The following scenarios incorporate this principle or provide adaptations
of it. They are examples of what parents can say to their toddler or preschool-aged
child in typical child-rearing situations.
Scenario 1
To encourage a normally willful 1 or 2 year-old child, in the morning, to follow
the routines of getting dressed and eating breakfast: “Would you like
to wear your blue dress or your jumper?” Or, “Would you like your
milk in your Sesame Street cup or your yellow cup?” Or, “Would you
like some cereal or French toast?”
Scenario 2
Motivating your children to eat their vegetables at home begins when you and
your youngsters are shopping at the vegetable counter at the grocery store.
“David, I need your help. What vegetables should we have for dinner tonight?
Should we have peas, green broccoli trees, or beans? What vegetables should
we eat tonight?”
Scenario 3
“Johnny, Mommy is tired and would like to rest with you. What book could
we look at together? Choose a book and then come lie down with Mommy.”
Scenario 4
To facilitate the routine of brushing teeth at bedtime, a parent can say: “Shelly,
would you like to brush your teeth with the striped toothpaste or the green
toothpaste?”
Setting limits with a child often requires the parent to think and plan ahead.
Here is a typical situation. You and your child are on your way to visit a park
or one of your child’s friends. Before leaving, it is important to establish
with your child how long the visit will be. Also the child should know what
you both will do after the visit is over.
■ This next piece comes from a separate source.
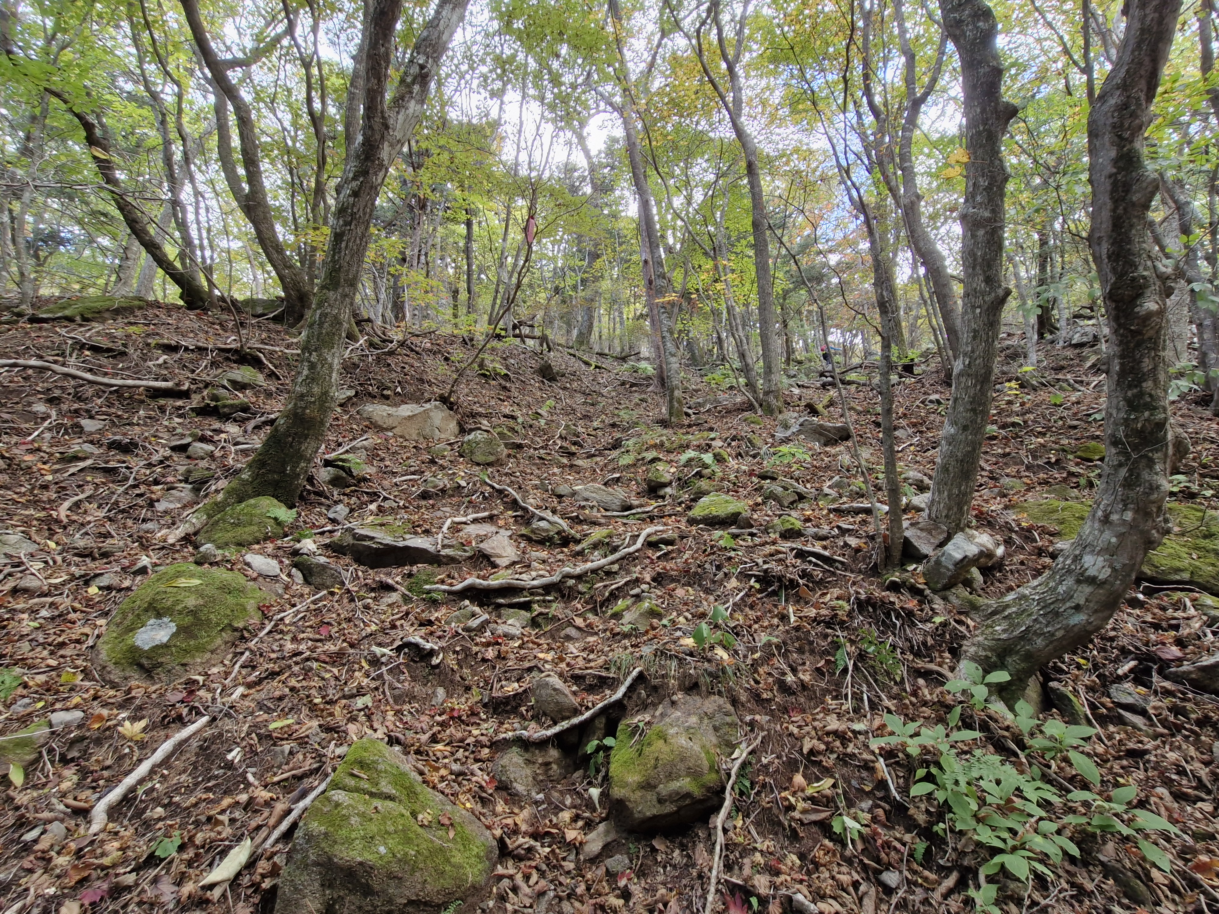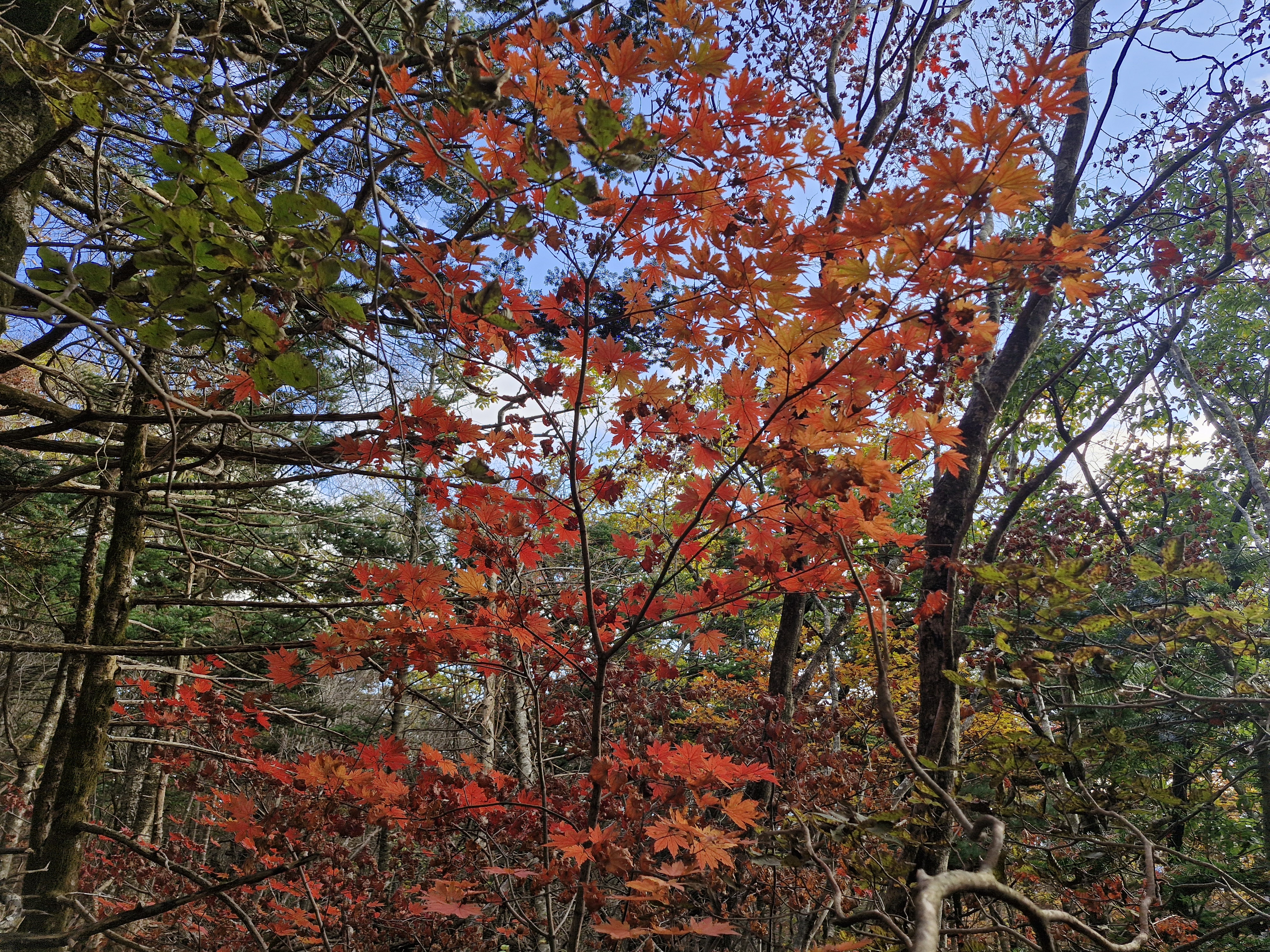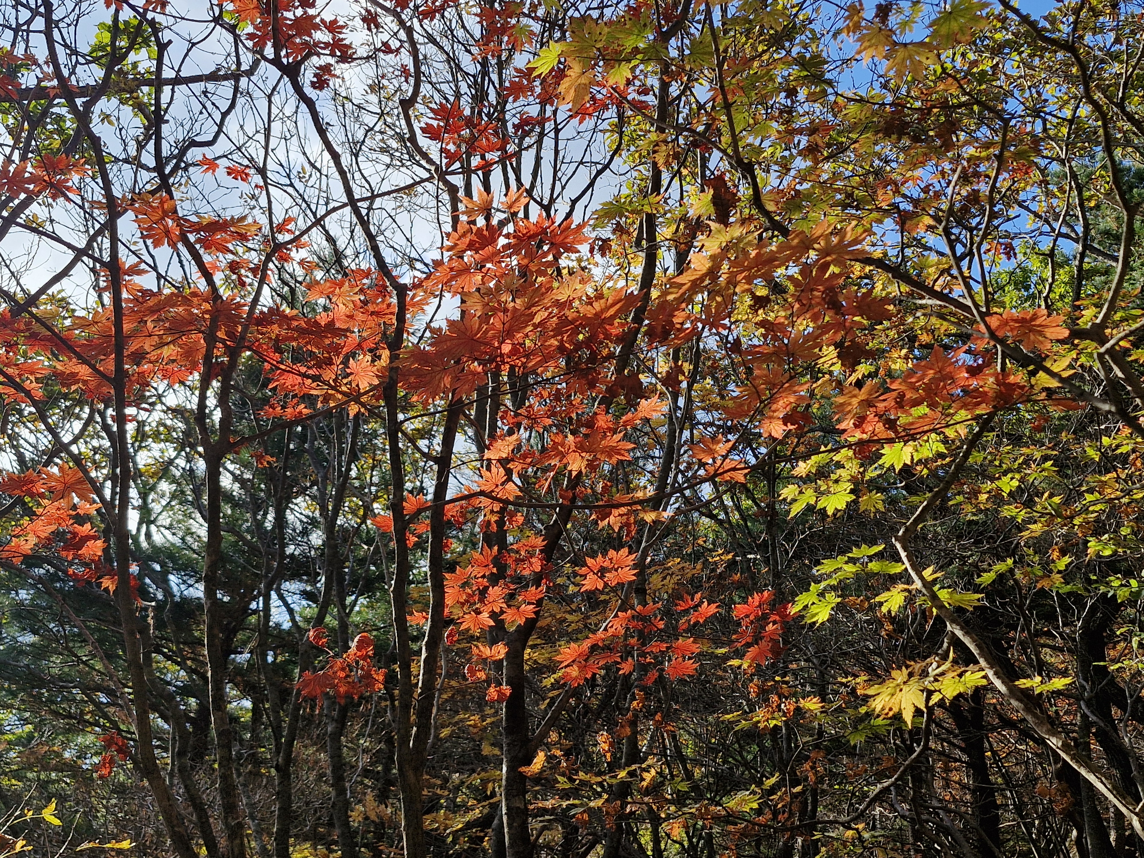 점점이 박힌 단풍 살피며 달뜨기능선으로

Then, be sure to ask what kind of
warning your youngster would like you to give him/her to signal that the time
to leave is approaching. Some children will simply want to be told. However,
it is fun for parent and child to invent a nonverbal ‘secret’ signal
together.
Whatever method is selected, it is best to incorporate the following process
in a manner that the child has chosen. You and your child are visiting a park
or a friend. You have to leave with your child in ten minutes to go to the grocery
store. “Cathy, we will be leaving in 10 minutes to go shopping.”
(Then five minutes later) “Cathy, we will have to go to the grocery store
in five minutes. Would you like to plan a time when we can all get together
again? Why don’t you talk with your friend about it?” (Then five
minutes later) “Cathy we have to leave now. Shall we come to play here
again? When?”
This process gives a young child, who is not yet familiar with the passage
of time, warnings about the time limit. It also involves the child in several
ways. The child knows the plan of the day. The child has chosen a preferred
way for her mother or father to communicate with her about the approaching time
limit. And the youngster becomes involved in making plans for a subsequent visit
with his/her friend.
The self-disciplined person evolves from an interpersonal relationship that
has several interdependent processes. This article has presented an interactive
process of communication and decision-making for parent and child. The interactive
process is responsive to the youngster’s normal developmental needs both
to become more independent and to exercise authority and decision-making. This
process employs the child’s needs and drives constructively to build routines
and limits. To involve a child in decision-making gives the child a healthy
sense of self-advocacy. However, this process should take place within a larger
life context over which the parent has ultimate control. Parents set these boundaries.
Within them, however, the child should be allowed to make decisions and have
choices. As the child becomes more responsible, from the combination of parent-set
secure boundaries and child decision-making within them, the parent can make
the boundaries more flexible and extend them.
Parenting children is made enjoyable for both the parent and child when mothers
and fathers are regularly in communication with their youngster, appropriately
responsive to their child’s normal needs, and creatively employ the strong
energy of those needs to construct a healthy and ordered life for all.